The purely speculative, 35,000-square foot office building will be Shawnee’s first to include enclosed, heated parking and provides the only class A office space along the I-35 corridor between Lenexa and Downtown Kansas City.
Slated for a fourth quarter delivery, the building rounds out a broader redevelopment that involved demolition of a pawn shop, Texas Tom’s restaurant and used-car lot to make way for a new Raising Cane’s restaurant, now under construction, as well as an Andy’s Frozen Custard shop.
“We are turning a distressed commercial area into a new gateway for the City of Shawnee. It’s something the city has been talking about for 30 years," Tubbesing said.
The site presented significant design challenges including flood control requiring realignment of a Turkey Creek tributary.

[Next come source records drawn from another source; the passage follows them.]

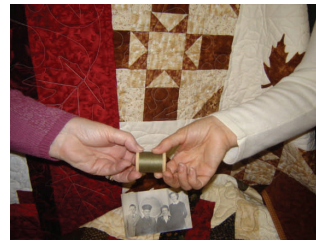
Presentation of the spool of thread
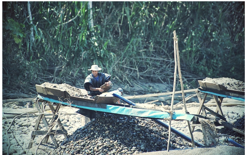
Figure 12: Small-scale "cholobomba" operation on a riverbank

Problems from gold mining in Madre de Dios cannot be reduced to binary distinctions of good and evil or perpetrators and victims; such reifications continue to mystify these issues rather than to help us critically think about them. Moreover, miners in Madre de Dios are not passive responders—they have agency, motives and ambitions. Many miners are aware of mercury contamination, but some are skeptical and do not trust data on its deleterious effects from NGOs or government institutions, which are sometimes suspected to be colluding to thwart local livelihoods. Mistrust of the government must be understood historically, considering that Andean communities were persecuted during Peru's civil war and many continue to suffer from centralismo policies. Thus, history, power, culture, health, and environment are inseparable issues and we must examine their linkages to further shed light on the realities of global trade.
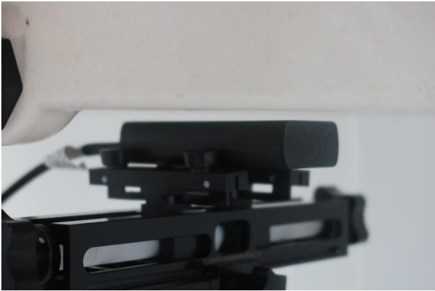
Front at 5 mm
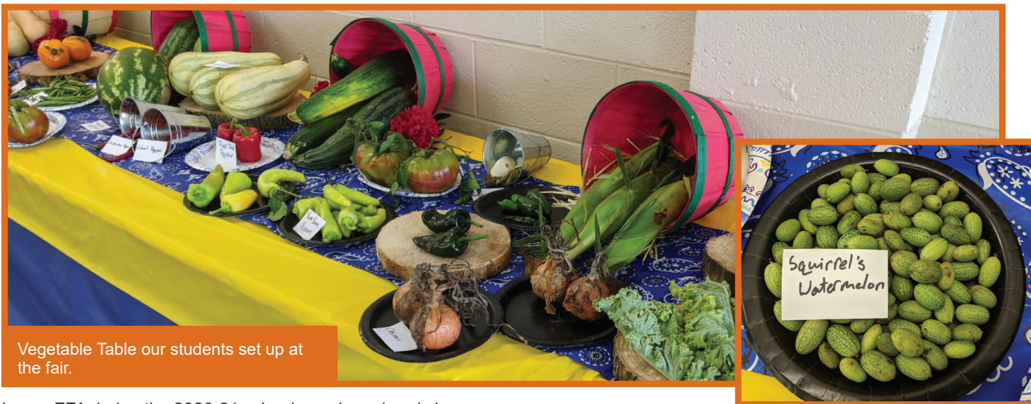
Vegetable Table our students set up at the fair.

Lucas FFA during the 2020-21 school year has already been working hard on projects and activities. In addition to working hard we are excited this year to be extending our programming into the 8th grade and have over 55 members enrolled in our program.
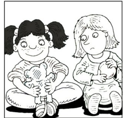
10. Don't be jealous of what other people have.
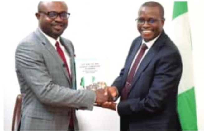
LR: Hon Tunji-Ojo Olubunmi and the ICPC Chairman

The Hon Minister of Interior, Hon Tunji-Ojo Olubunmi and the ICPC Chairman met at the ICPC headquarters for a strategic alliance geared towards enhancing service delivery and giving Nigeria a better and reputable image in the comity of nations.

“This has been an extremely difficult infill project. I don’t know many projects where you had to relocate a creek,” Tubbesing said. “We were able to create a true public/private partnership with the City of Shawnee to obtain funds for flood control through the county and the City of Shawnee's Economic Development Fund to move the creek and enlarge the developable area.”
Tubbesing said it’s been rewarding to turn the project’s challenges into unique opportunities; typically anchor tenant commitments help finance projects, with pad sites filled later. For Stag’s Creek, the process worked in reverse.
“Because we had interest in these one-story retail pad sites, we were able to take advantage of those demands in the marketplace and sell those pad sites early. That really helped our ability to finance the project,” Tubbesing said. “And I like infill because it creates a change in landscape from what everyone has experienced for years into something new for the community.”